▶ [Records shown]
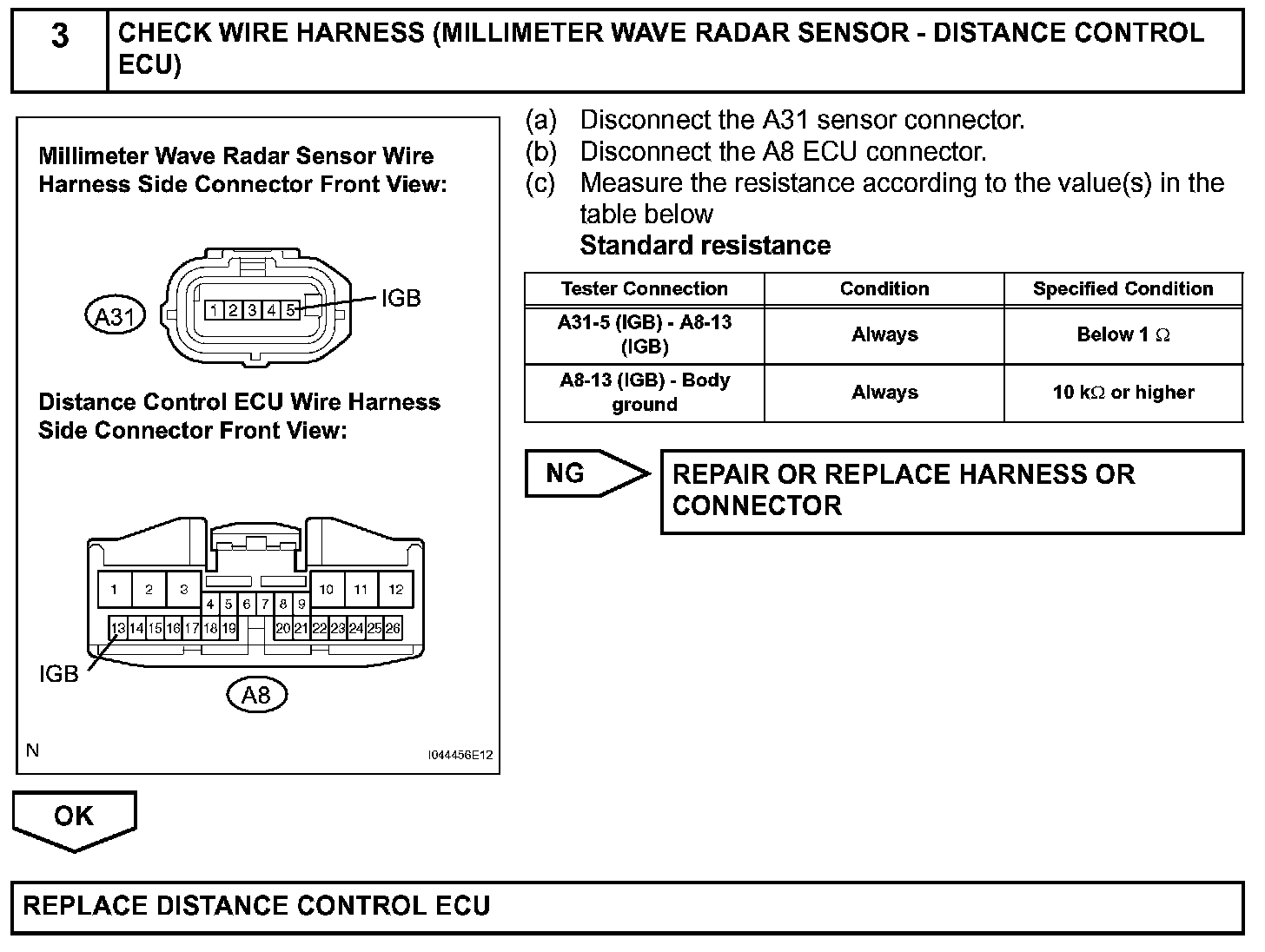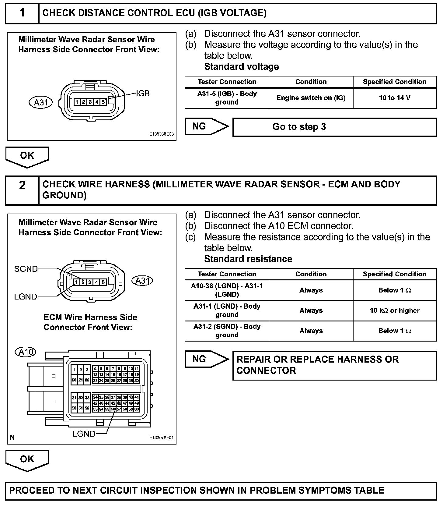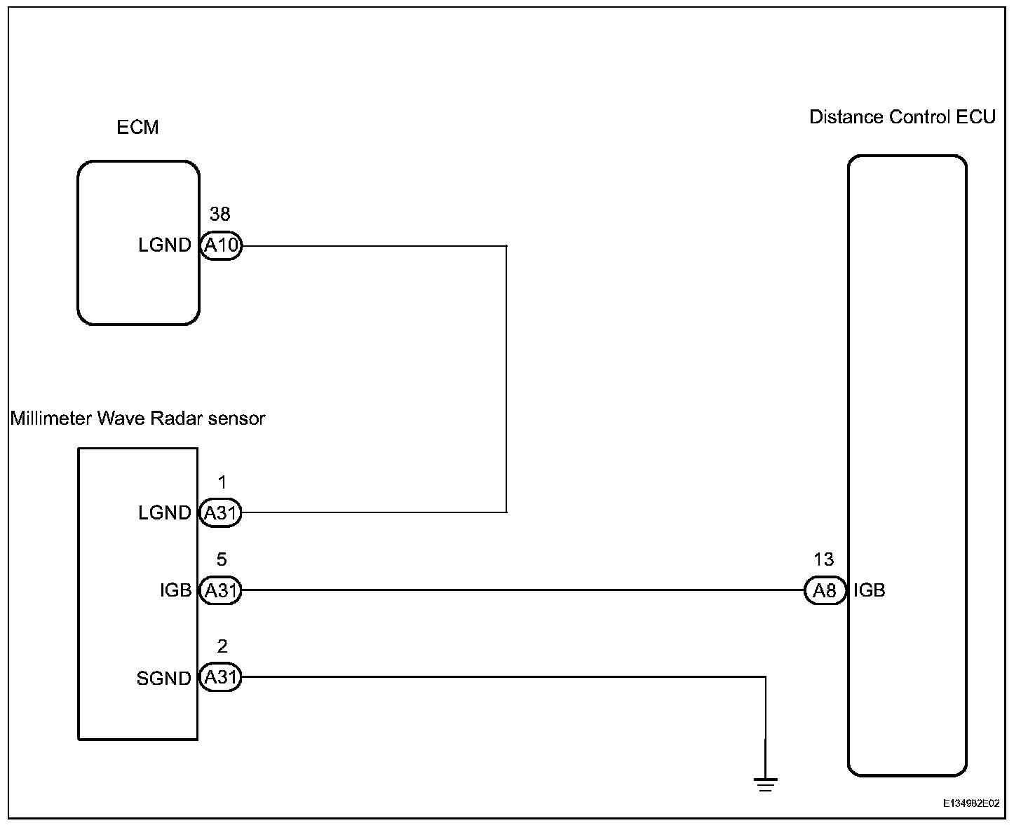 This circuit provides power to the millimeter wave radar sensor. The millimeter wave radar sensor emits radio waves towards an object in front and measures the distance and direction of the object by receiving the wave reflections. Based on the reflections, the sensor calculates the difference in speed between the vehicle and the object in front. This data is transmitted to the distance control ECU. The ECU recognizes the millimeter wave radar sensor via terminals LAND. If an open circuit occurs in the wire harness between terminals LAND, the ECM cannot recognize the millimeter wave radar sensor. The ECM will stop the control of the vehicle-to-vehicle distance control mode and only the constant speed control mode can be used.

...

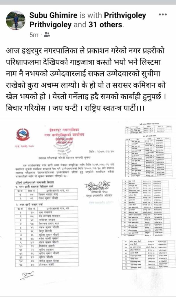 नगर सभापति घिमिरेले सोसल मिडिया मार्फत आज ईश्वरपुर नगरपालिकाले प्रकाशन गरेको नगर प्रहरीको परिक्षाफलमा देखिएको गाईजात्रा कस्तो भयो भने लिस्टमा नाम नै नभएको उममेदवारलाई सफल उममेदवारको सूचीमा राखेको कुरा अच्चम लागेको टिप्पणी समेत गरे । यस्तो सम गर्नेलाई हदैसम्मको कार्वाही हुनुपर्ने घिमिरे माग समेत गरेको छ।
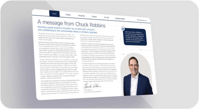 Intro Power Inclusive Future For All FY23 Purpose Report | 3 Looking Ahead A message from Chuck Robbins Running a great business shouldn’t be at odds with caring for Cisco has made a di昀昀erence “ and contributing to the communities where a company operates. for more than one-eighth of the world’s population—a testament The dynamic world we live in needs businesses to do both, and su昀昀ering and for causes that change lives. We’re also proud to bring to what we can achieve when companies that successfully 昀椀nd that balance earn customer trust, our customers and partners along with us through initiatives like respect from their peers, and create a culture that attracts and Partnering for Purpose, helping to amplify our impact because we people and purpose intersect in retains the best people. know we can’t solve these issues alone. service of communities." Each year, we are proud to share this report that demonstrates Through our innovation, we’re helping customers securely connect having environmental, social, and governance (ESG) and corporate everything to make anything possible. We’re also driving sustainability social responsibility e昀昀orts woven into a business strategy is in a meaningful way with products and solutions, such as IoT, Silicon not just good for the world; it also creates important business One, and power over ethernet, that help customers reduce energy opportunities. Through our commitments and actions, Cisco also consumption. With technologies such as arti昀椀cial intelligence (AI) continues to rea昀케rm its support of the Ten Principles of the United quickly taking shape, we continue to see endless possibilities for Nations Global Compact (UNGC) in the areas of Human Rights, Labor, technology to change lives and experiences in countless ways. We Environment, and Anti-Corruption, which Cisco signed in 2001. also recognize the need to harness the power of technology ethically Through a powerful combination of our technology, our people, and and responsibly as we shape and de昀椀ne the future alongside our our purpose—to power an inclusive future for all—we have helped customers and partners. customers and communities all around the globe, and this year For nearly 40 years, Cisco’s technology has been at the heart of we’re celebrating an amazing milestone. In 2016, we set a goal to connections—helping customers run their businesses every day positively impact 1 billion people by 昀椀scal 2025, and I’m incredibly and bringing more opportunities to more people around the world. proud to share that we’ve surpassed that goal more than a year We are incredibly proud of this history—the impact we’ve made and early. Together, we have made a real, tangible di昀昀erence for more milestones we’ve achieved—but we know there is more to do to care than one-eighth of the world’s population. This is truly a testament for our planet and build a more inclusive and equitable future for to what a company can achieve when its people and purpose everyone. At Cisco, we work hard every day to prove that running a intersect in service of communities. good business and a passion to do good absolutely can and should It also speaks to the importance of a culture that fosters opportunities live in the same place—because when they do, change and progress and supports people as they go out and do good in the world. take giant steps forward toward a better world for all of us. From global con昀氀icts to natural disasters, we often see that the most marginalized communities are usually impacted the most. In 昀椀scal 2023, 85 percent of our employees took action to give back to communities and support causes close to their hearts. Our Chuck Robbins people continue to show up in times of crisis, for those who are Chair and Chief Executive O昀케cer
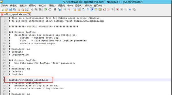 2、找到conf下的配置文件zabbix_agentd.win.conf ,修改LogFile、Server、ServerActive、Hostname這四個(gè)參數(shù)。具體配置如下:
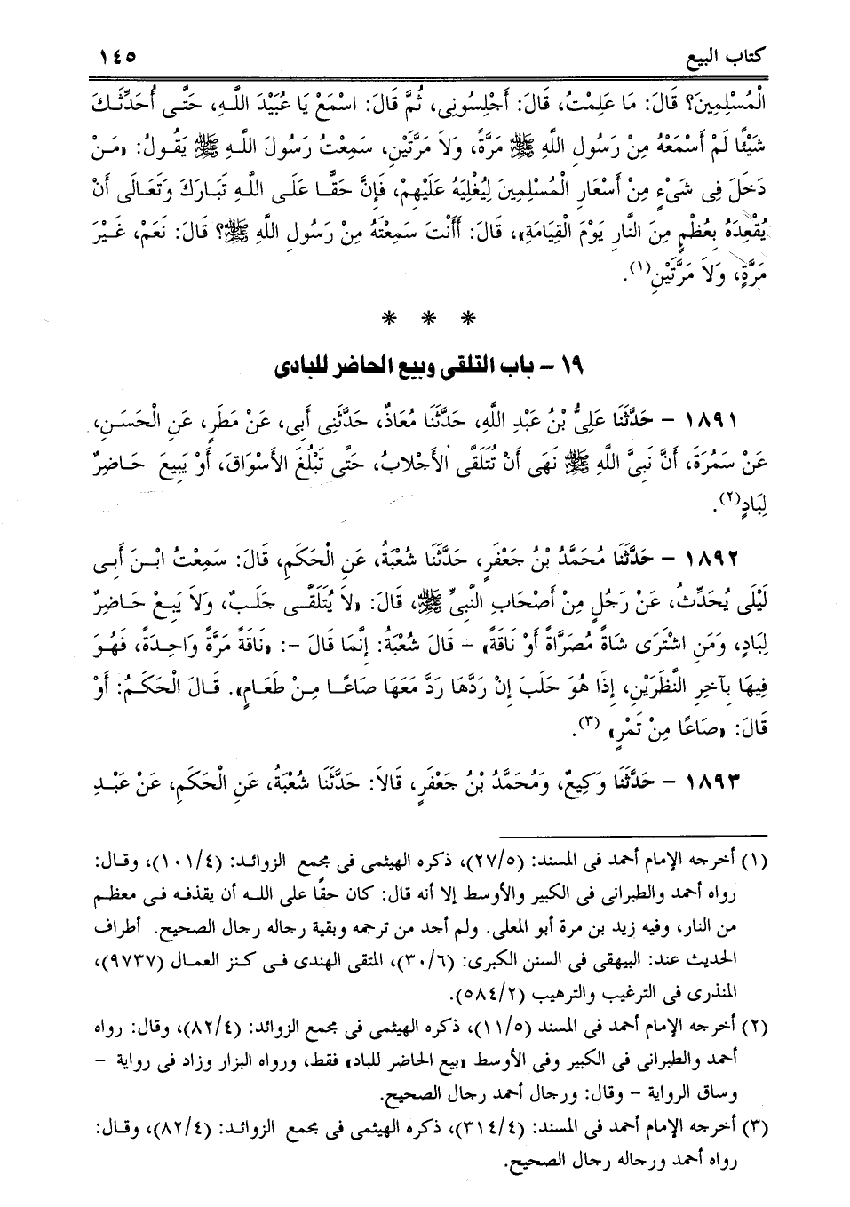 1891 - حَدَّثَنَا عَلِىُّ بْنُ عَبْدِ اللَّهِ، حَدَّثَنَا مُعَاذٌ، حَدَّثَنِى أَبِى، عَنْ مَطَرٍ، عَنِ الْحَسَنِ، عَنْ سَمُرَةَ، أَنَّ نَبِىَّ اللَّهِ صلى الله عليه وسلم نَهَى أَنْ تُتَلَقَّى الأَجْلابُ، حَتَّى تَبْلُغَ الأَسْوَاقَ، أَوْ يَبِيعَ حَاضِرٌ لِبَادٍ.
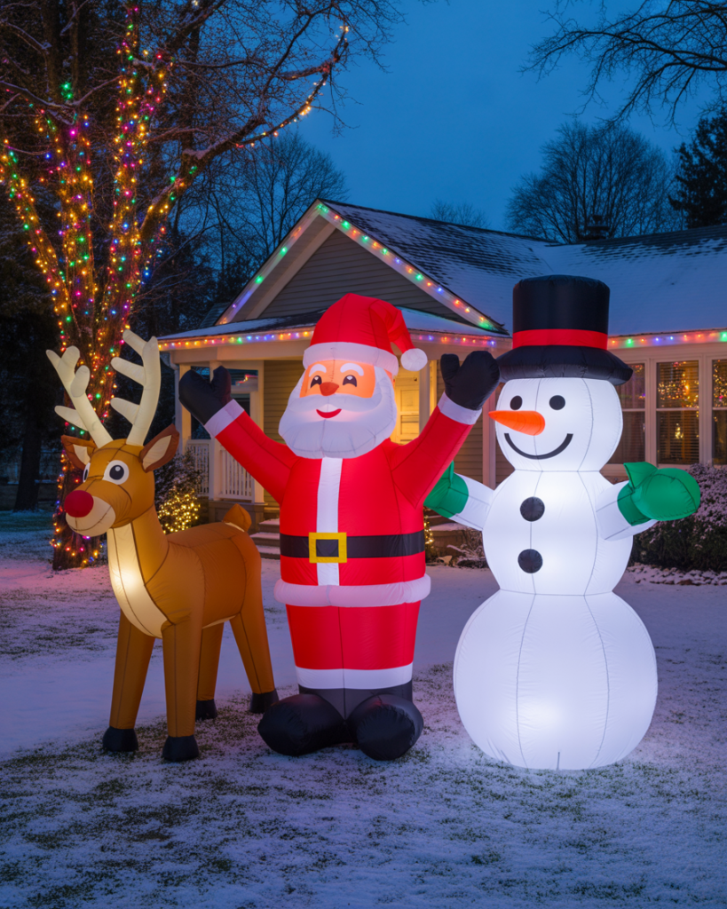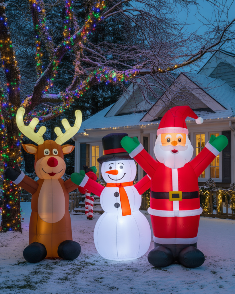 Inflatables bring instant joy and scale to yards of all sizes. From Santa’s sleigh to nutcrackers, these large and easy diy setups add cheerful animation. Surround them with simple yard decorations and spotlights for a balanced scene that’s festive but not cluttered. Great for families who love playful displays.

* * *

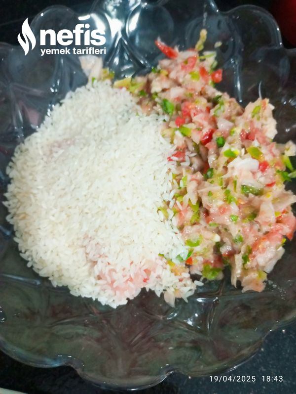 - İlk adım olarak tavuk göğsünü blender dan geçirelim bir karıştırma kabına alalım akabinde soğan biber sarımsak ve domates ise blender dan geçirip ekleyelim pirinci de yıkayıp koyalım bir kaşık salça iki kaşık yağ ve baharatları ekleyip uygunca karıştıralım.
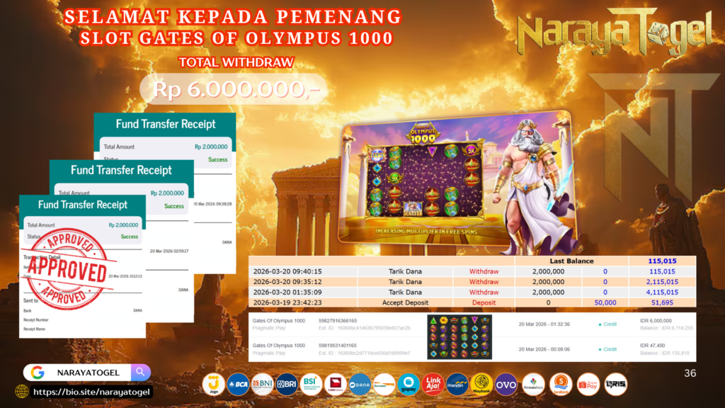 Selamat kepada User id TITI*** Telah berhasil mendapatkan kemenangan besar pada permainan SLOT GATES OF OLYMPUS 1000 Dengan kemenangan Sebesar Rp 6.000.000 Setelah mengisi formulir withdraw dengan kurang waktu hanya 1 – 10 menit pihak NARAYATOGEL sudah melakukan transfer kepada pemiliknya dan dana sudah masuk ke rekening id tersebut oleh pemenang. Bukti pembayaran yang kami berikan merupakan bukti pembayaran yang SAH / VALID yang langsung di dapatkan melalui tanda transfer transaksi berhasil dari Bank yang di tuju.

▶ [Task description]
Quote the lines above exactly, starting with the one that has "2、找到conf下的配置文件" and ending with the one that has "Inflatables bring instant"; drop the pictures and include nothing else.

▶ [Response box]
 2、找到conf下的配置文件zabbix_agentd.win.conf ,修改LogFile、Server、ServerActive、Hostname這四個(gè)參數(shù)。具體配置如下:
 1891 - حَدَّثَنَا عَلِىُّ بْنُ عَبْدِ اللَّهِ، حَدَّثَنَا مُعَاذٌ، حَدَّثَنِى أَبِى، عَنْ مَطَرٍ، عَنِ الْحَسَنِ، عَنْ سَمُرَةَ، أَنَّ نَبِىَّ اللَّهِ صلى الله عليه وسلم نَهَى أَنْ تُتَلَقَّى الأَجْلابُ، حَتَّى تَبْلُغَ الأَسْوَاقَ، أَوْ يَبِيعَ حَاضِرٌ لِبَادٍ.
 Inflatables bring instant joy and scale to yards of all sizes. From Santa’s sleigh to nutcrackers, these large and easy diy setups add cheerful animation. Surround them with simple yard decorations and spotlights for a balanced scene that’s festive but not cluttered. Great for families who love playful displays.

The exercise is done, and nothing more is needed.